# Black water NPT



## mthom211 (Sep 3, 2010)

Hiya guys,

I'm soon to be setting up some tanks for wild betta species, I will have a ph of 3-5 depending on species. They will be in pure rainwater with heavy tannins. Can I still use the walstad method with such a low ph? If I put shell grit right at the bottom of the substrate will any leach out? I'm thinking of using crypts as the main plants, any other ideas?


----------



## mudboots (Jun 24, 2009)

mthom211 said:


> I will have a ph of 3-5 depending on species...using crypts as the main plants...


I guess the main issue will be plants in that pH range. I never tested my water, but most of the Crypts I've grown seem to do better with a little calcium in the ground, but even in one tank that is mostly organic with lots of tannins the Crypts are growing (though pretty slow).


----------



## aquabillpers (Apr 13, 2006)

I think that in the wild bettas live in water that is neutral to slightly acid, but the way we learn is to ask questions. So, why are you thinking about using such acid water?

I'd think that the water in the wild environment would have a relatively low GH and that would be more important than the pH, but again, perhaps you can enlighten me.

Thanks.

Bill


----------



## mthom211 (Sep 3, 2010)

I might put some shells in the bottom of the tank then. It depends whih species as to what ph they need but many come from peat bogs which have super low ph and its really dark. Al wild betta habitats should be acidic. I'll be focusing on the coccina complex and I will have some imbellis too. If teh water is to hard or the ph is too high they can get velvet and they don't do well at all.


----------



## Kai Witte (Jan 30, 2006)

> I might put some shells in the bottom of the tank then.

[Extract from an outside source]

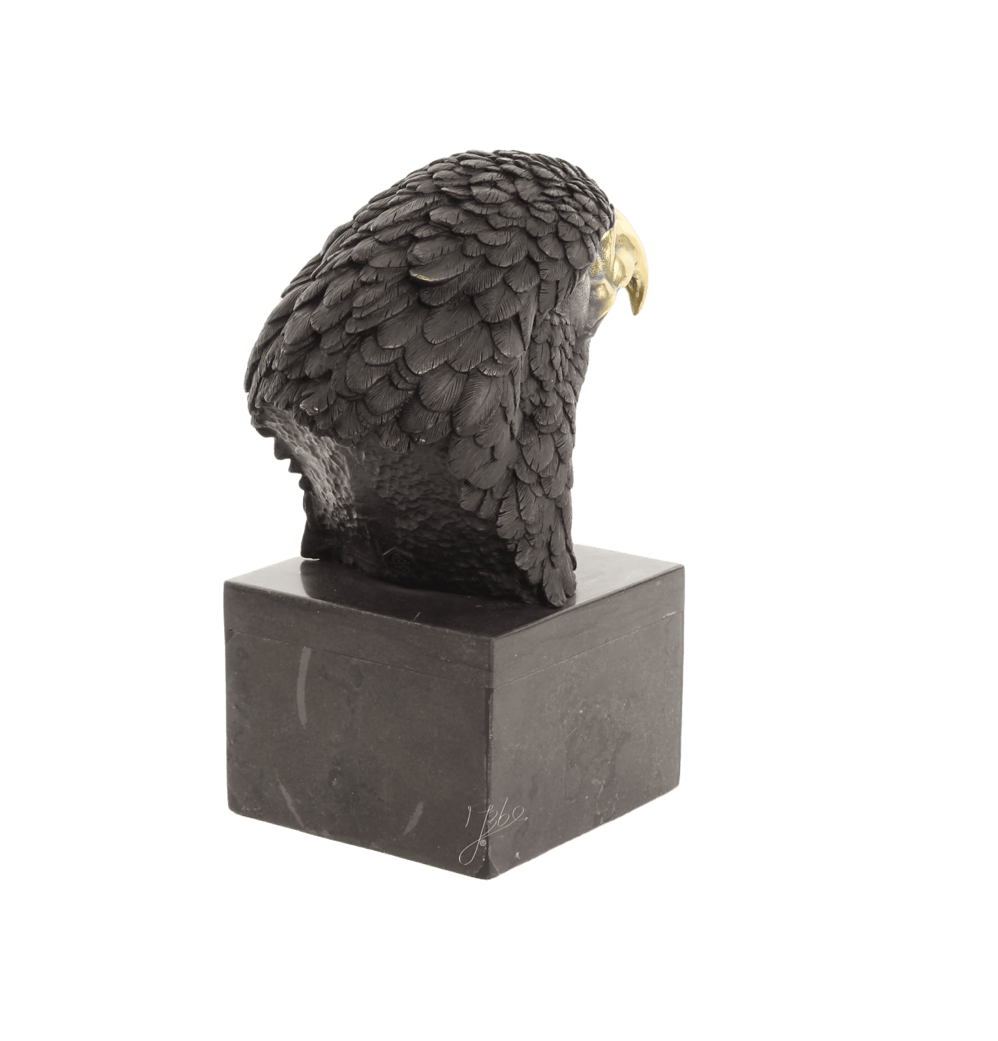 Äußerst detaillierte Abbildung eines Adlerkopfs aus schwarz patinierter Bronze. Jede Feder ist fein zisliert, die Augen wirken lebendig, der Schnabel ist blank poliert. Der Bronzeplastik ist auf einem schwarzen Natursteinsockel befestigt und misst insgesamt 27 cm Höhe.

Nah, no limestone, no dolomite, nor snail/mussel shells for a SE Asian peatswamp forest (i. e. blackwater) tank. Avoid to bring in any calcium or magnesium sources (including unsuitable soil, tapwater, and even industrial fish food)! Granted, plants and all other organisms do need calcium and magnesium ions but blackwater species are very efficient in taking up trace amounts - any surplus just favors the opportunists rather than blackwater specialists.



> It depends whih species as to what ph they need but many come from peat bogs which have super low ph and its really dark. Al wild betta habitats should be acidic.


Of course there are several Betta species from limestone areas or other habitats with alkaline water; Many come from rainwater habitats with a pH of approx. 5.0-6.0; and some do come from peatswamp forests or heath forest habitats with very low pH (say 3.0-4.5).



> I'll be focusing on the coccina complex and I will have some imbellis too.


Most Betta imbellis come from rainwater habitats but a given population can have quite different preferences than what textbooks claim to be suitable. It's definitely preferable to research the origin (original collecting locality) for any Betta strain of interest and finetune the tank according to its natural habitat! All members of the coccina species group originate from peatswamp forests and do prefer a low pH as already stated. BTW, velvet can cope with low pH, too, (sometimes only the young offspring die) and it's IMHO worth extra efforts to obtain velvet-free Betta strains.


----------



## Kai Witte (Jan 30, 2006)

> I guess the main issue will be plants in that pH range. I never tested my water, but most of the Crypts I've grown seem to do better with a little calcium in the ground, but even in one tank that is mostly organic with lots of tannins the Crypts are growing (though pretty slow).


Like fish, not all crypts are born equal: There are limestone crypts, rainwater crypts, and blackwater crypts just to name the broad categories suitable for aquatic tanks. There are loads of other blackwater plants, too, but crypts are among those needing the least light which is generally preferable for blackwater fish breeding tanks (if only to keep electricity bills low).


----------



## Kai Witte (Jan 30, 2006)

> Can I still use the walstad method with such a low ph?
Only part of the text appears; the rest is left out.